**Directions**
Within the entries below, the lines from the one with "按照学校党委安排部署,12月" through the one with "1 Maang Tikka" are to be set down exactly, both ends kept.

**Input data**
==============================

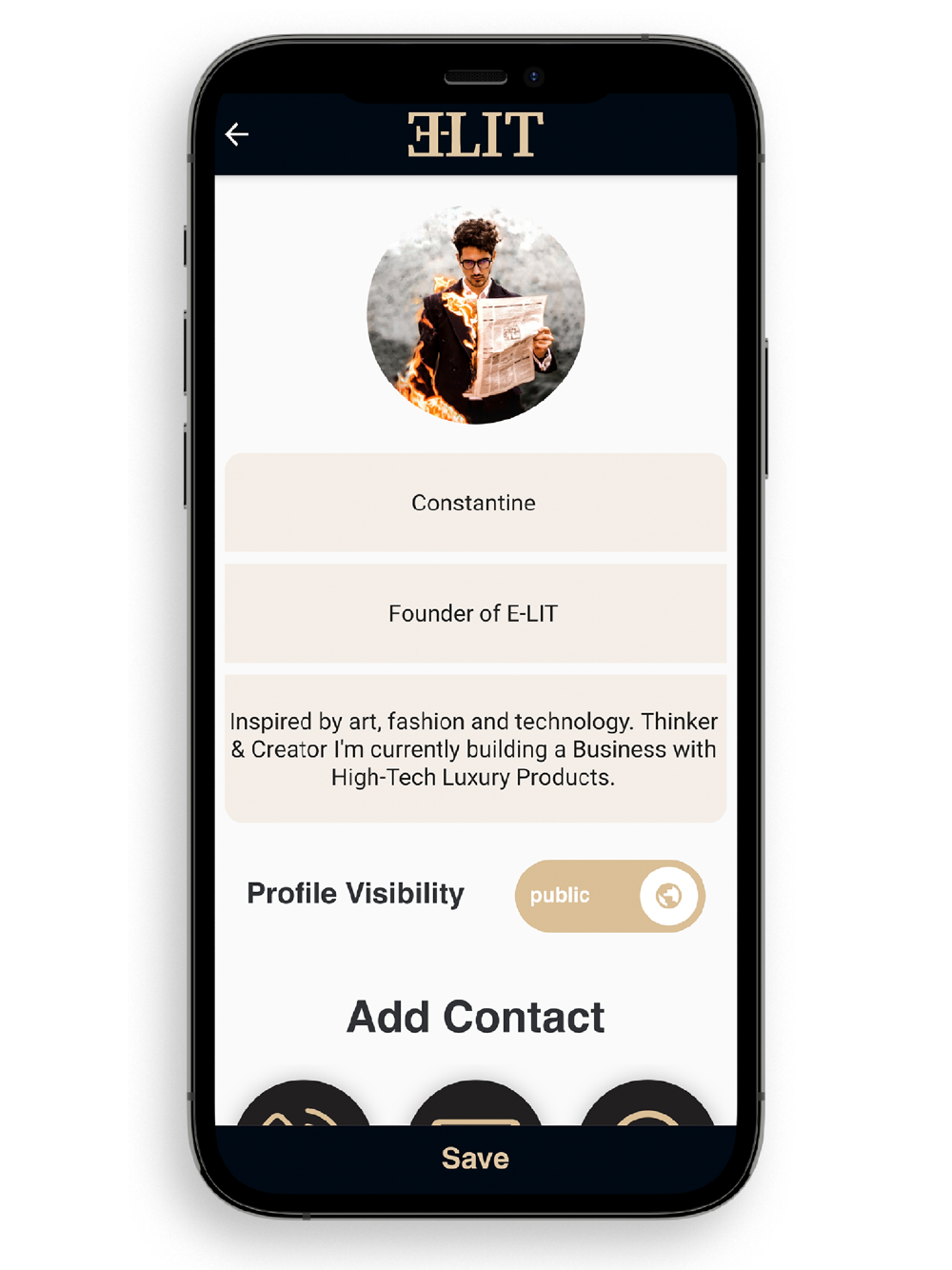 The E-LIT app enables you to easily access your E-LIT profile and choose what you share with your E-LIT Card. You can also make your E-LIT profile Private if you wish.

==============================

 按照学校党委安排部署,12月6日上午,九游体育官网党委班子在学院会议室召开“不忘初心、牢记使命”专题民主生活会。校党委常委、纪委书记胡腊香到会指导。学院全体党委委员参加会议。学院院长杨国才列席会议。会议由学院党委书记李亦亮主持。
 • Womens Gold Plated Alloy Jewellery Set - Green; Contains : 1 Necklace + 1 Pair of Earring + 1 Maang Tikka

==============================

**Exercise response**
 按照学校党委安排部署,12月6日上午,九游体育官网党委班子在学院会议室召开“不忘初心、牢记使命”专题民主生活会。校党委常委、纪委书记胡腊香到会指导。学院全体党委委员参加会议。学院院长杨国才列席会议。会议由学院党委书记李亦亮主持。
 • Womens Gold Plated Alloy Jewellery Set - Green; Contains : 1 Necklace + 1 Pair of Earring + 1 Maang Tikka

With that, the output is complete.